Евгений Майзель. Я правильно понимаю, что ты принял решение написать сценарий и поставить по нему фильм, до того не имея режиссерского опыта?
Игорь Вишневецкий. Да, бесстрашие и авантюризм двигают творчество.
Евгений Майзель. Фильм — как и повесть — подразумевает превращение Петербурга в Ленинград не после формального переименования города, но в результате победы в Великой Отечественной, после того, как было разорвано кольцо Блокады. Насколько понимаю, это нетривиальная концепция, учитывая, что и имя собственное «Ленинград» стало к тридцатым годам устоявшимся, и к началу войны уже выросло молодое поколение советских людей.

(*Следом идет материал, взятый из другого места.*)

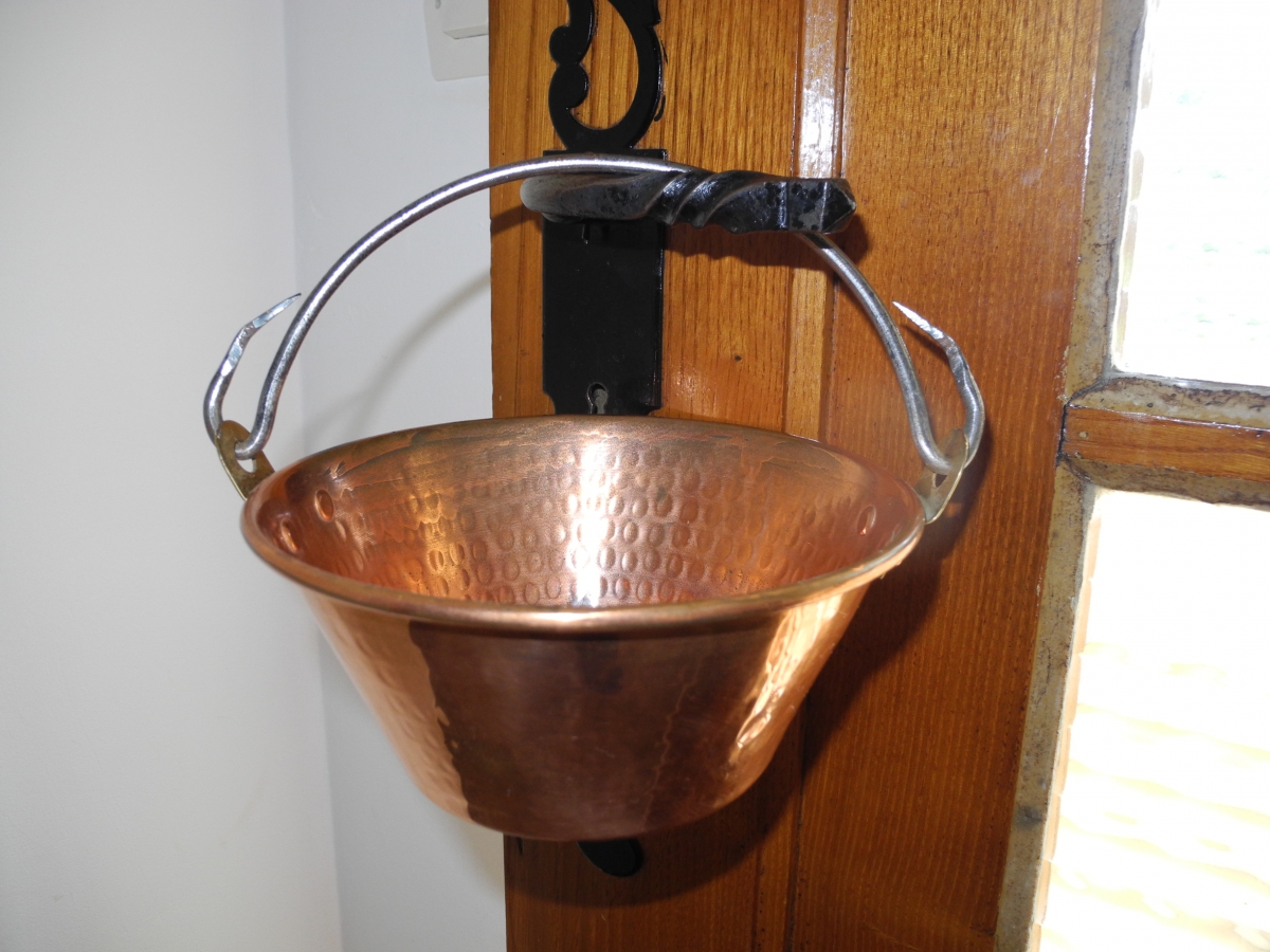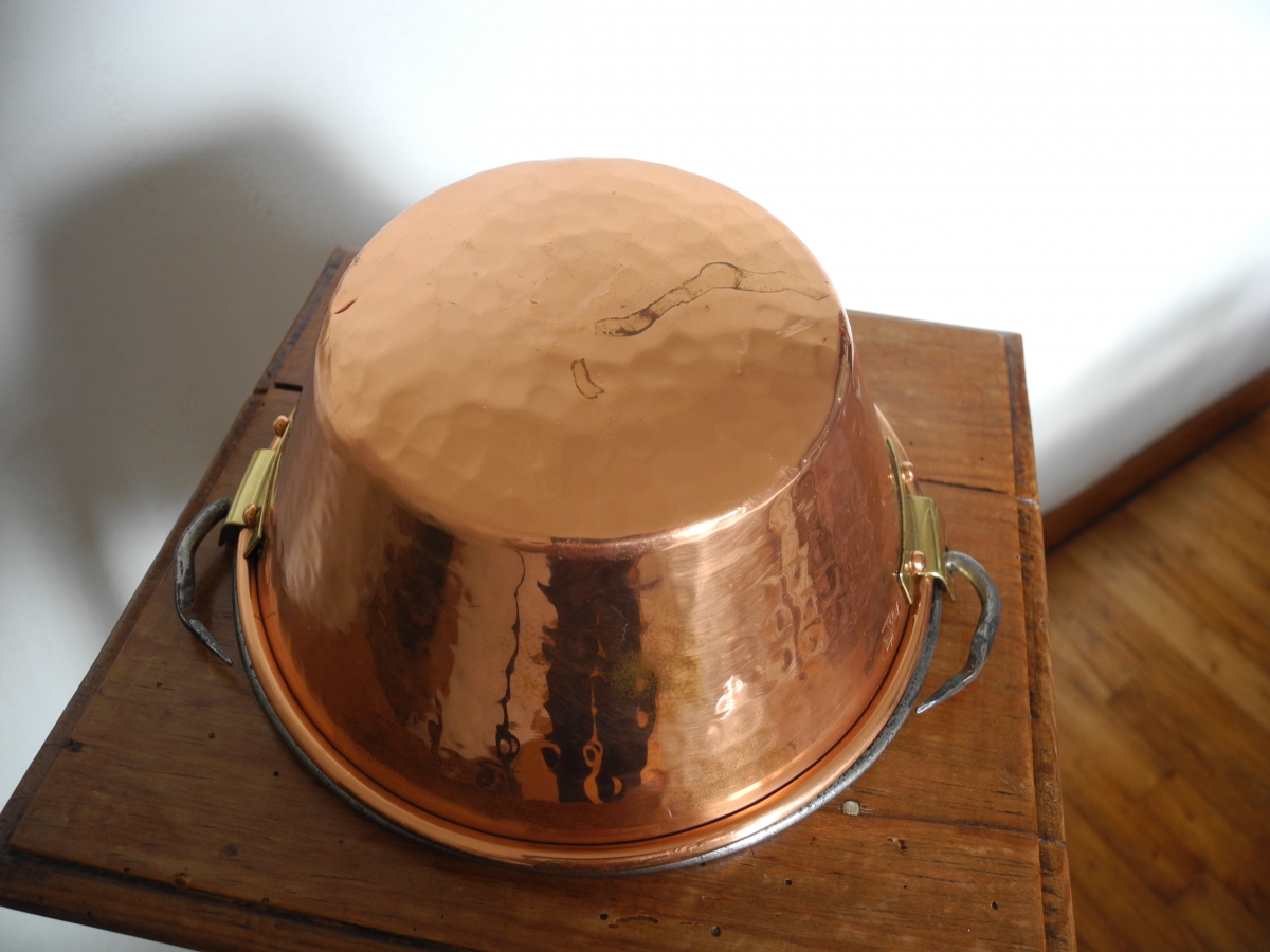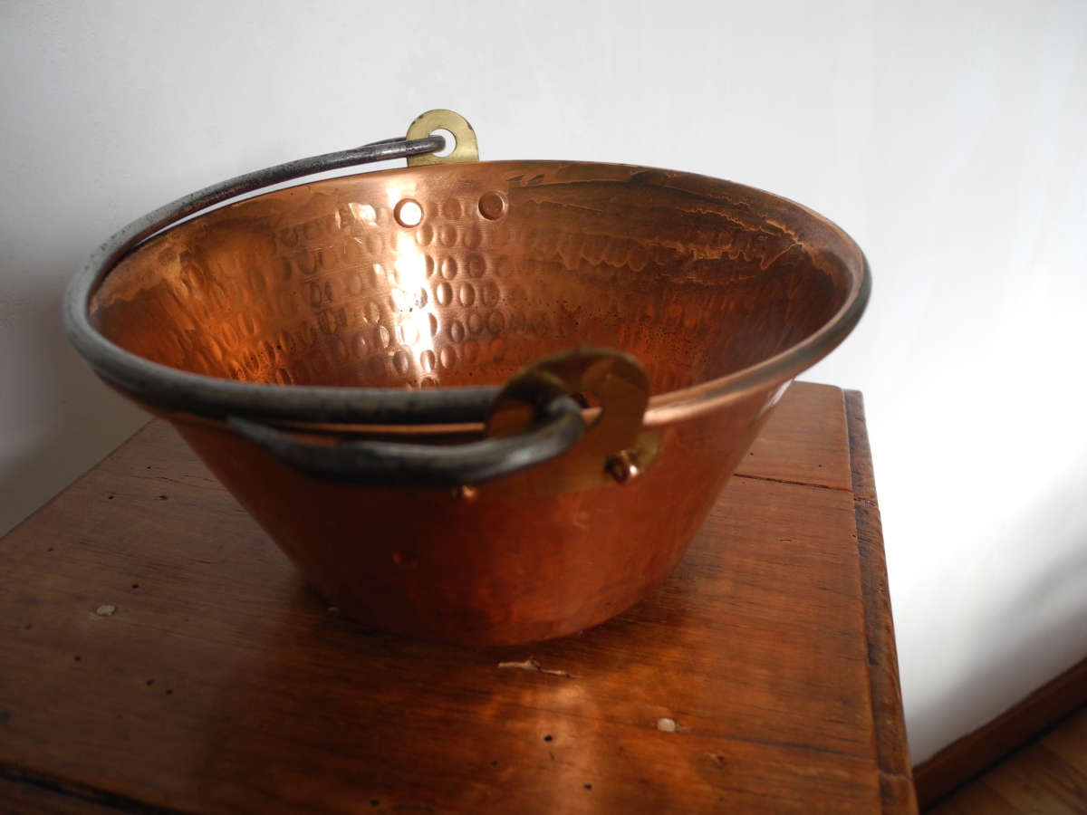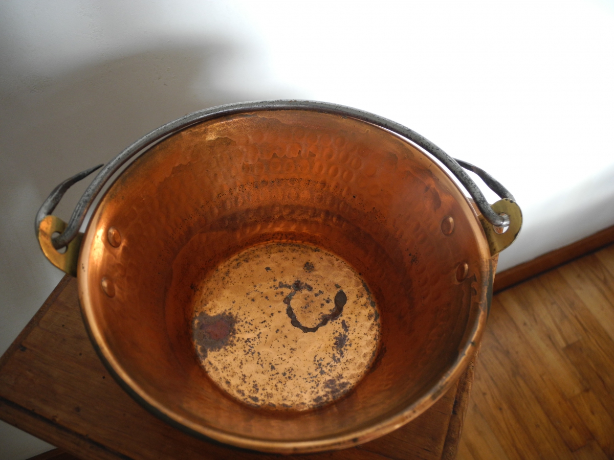 Petite marmite ou chaudron à anse déco en cuivre martelé, fabriqué à Villedieu les Poêles, années 50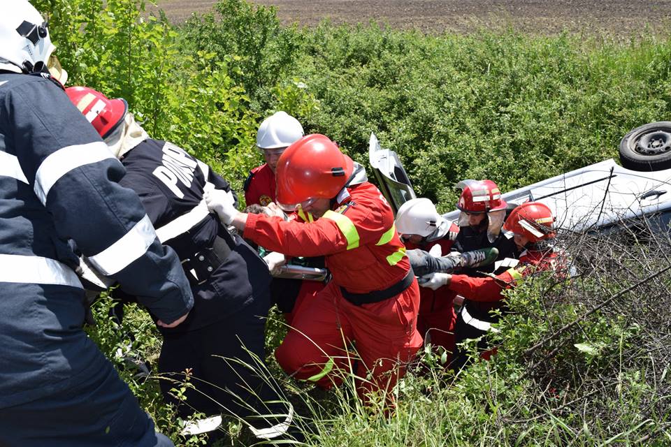 După scoaterea victimelor din mașină, s-au asigurat măsurile de prevenire și stingere a incendiilor și degajarea autoturismului din șanț.

Вера (Наталья Киселёва) читает неотправленное письмо. Здесь и далее: кадры из фильма «Ленинград», режиссер Игорь Вишневецкий, оператор Андрей Самойлов.
Игорь Вишневецкий. Ну, тут всё более или менее очевидно. Меня интересовали люди, которым к началу блокады было 30—50 лет, т. е. родившиеся между 1891 и 1911 гг. Раннее детство их прошло в другой стране, при другом порядке вещей и вполне «советскими» людьми их назвать очень трудно. А ведь они и составляли большинство гражданского населения. Кто-то успел до начала советского погрома окончить школы и гимназии, а кто-то университеты и даже начал проявлять себя на том или ином поприще. Конечно, у всех у них была разная степень включённости в советский мир и потому конформизма. Но основа-то была иной, и на советский мир они все смотрели чуть отстранённо. Это видно, например, по «Осадной записи» лингвиста А. Н. Болдырева, которому в 1941 было 32 года и который довольно часто пишет в блокадных дневниках «Петербург», а не Ленинград, отмечая сугубо советские новации с антропологической внимательностью Миклухо-Маклая, живущего среди папуасов.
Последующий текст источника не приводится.